■ **Provided data**:
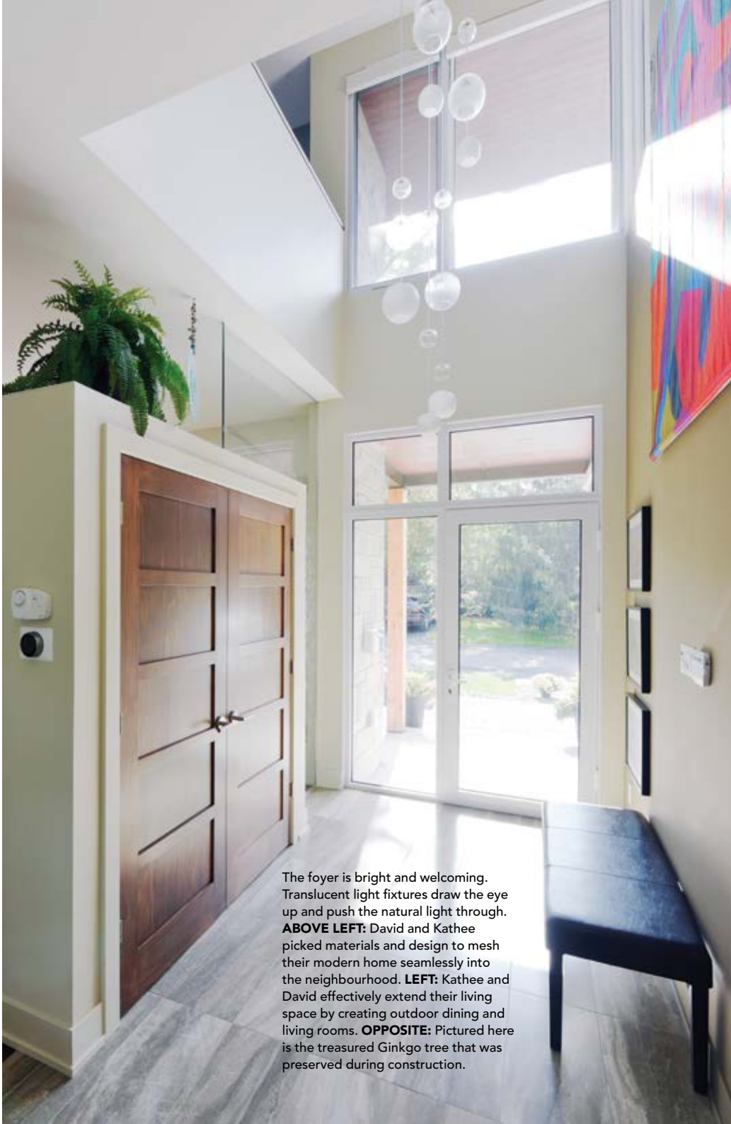
The foyer is bright and welcoming. Translucent light fixtures draw the eye up and push the natural light through. ABOVE LEFT: David and Kathee picked materials and design to mesh their modern home seamlessly into the neighbourhood. LEFT: Kathee and David effectively extend their living space by creating outdoor dining and living rooms. OPPOSITE: Pictured here is the treasured Ginkgo tree that was preserved during construction.

There were no drapes or furniture apart from some lawn chairs; the house construction was nearing completion and there was a snow storm outside. It was New Year's Eve 2016. Kathee and David had a picnic dinner and watched neighbourhood couples walk hand in hand ready to ring in the New Year and waving welcomingly as they passed their home. The room was lit with candles and a fire in the
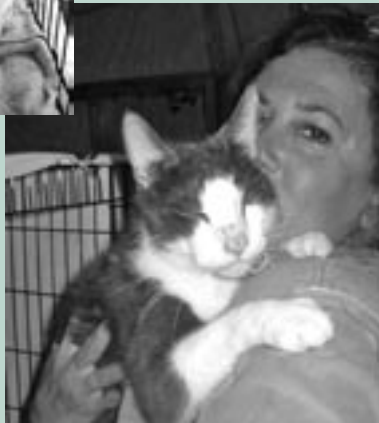
Sycamore, an older kitty, is grateful for some comfort from a volunteer.

■ **What the task requires**: Once the pictures are removed, copy the listing exactly.

■ **Task solution**:
The foyer is bright and welcoming. Translucent light fixtures draw the eye up and push the natural light through. ABOVE LEFT: David and Kathee picked materials and design to mesh their modern home seamlessly into the neighbourhood. LEFT: Kathee and David effectively extend their living space by creating outdoor dining and living rooms. OPPOSITE: Pictured here is the treasured Ginkgo tree that was preserved during construction.

There were no drapes or furniture apart from some lawn chairs; the house construction was nearing completion and there was a snow storm outside. It was New Year's Eve 2016. Kathee and David had a picnic dinner and watched neighbourhood couples walk hand in hand ready to ring in the New Year and waving welcomingly as they passed their home. The room was lit with candles and a fire in the
Sycamore, an older kitty, is grateful for some comfort from a volunteer.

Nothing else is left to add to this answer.